WHAT YOU ARE ASKED TO DO >>
Restate the whole of the data below word for word, skipping the images.

COLLECTED MATERIAL >>
----------

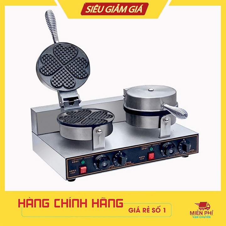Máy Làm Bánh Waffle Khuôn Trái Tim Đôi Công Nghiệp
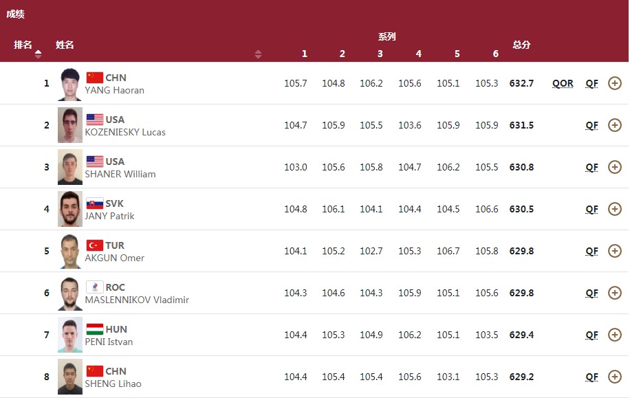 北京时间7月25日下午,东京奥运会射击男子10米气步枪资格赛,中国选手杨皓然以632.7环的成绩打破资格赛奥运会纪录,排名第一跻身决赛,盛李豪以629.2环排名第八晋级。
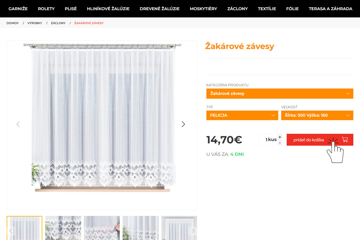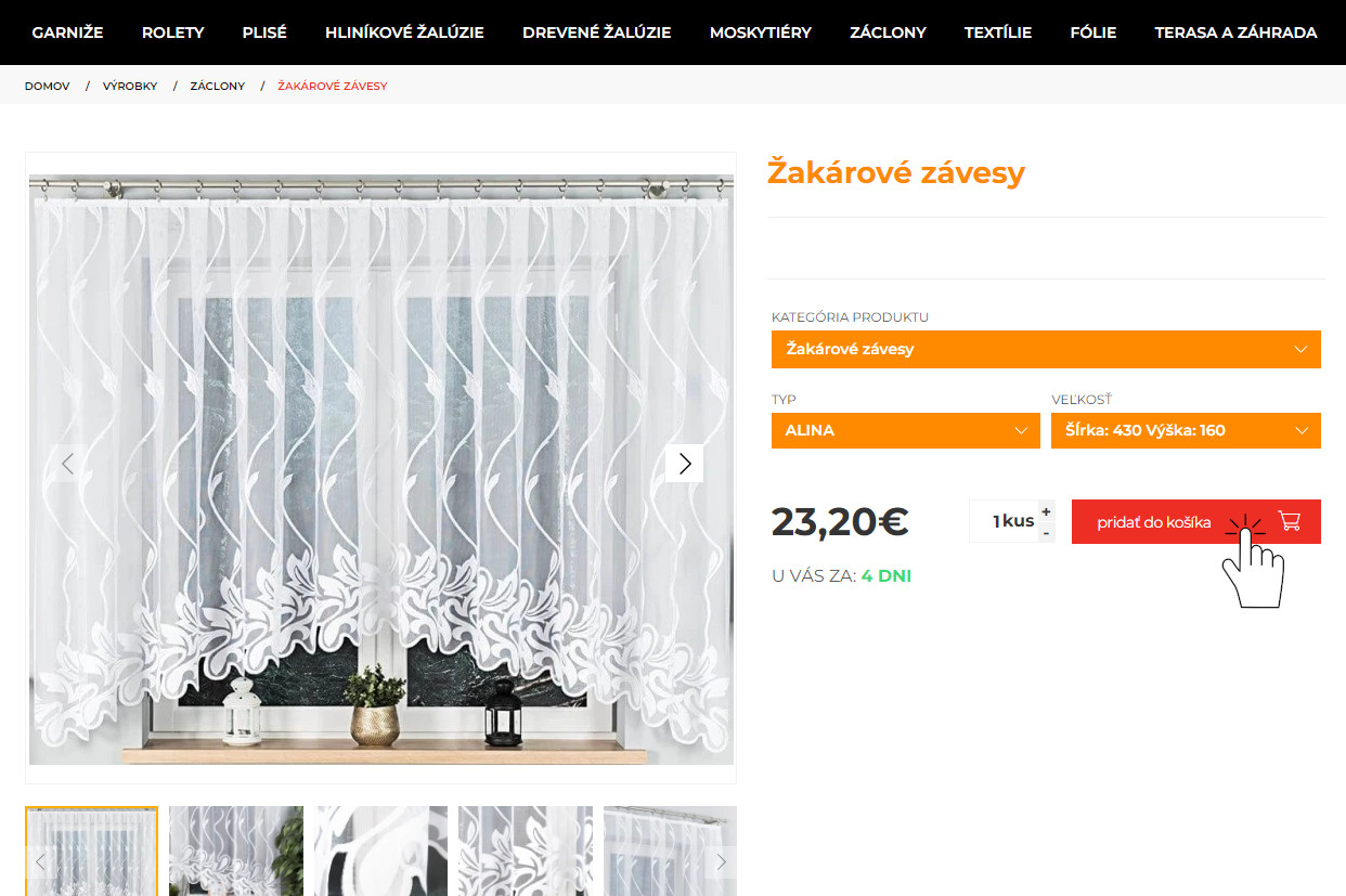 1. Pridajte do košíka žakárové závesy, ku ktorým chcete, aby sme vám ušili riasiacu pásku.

----------

WRITTEN ANSWER >>
Máy Làm Bánh Waffle Khuôn Trái Tim Đôi Công Nghiệp
 北京时间7月25日下午,东京奥运会射击男子10米气步枪资格赛,中国选手杨皓然以632.7环的成绩打破资格赛奥运会纪录,排名第一跻身决赛,盛李豪以629.2环排名第八晋级。
 1. Pridajte do košíka žakárové závesy, ku ktorým chcete, aby sme vám ušili riasiacu pásku.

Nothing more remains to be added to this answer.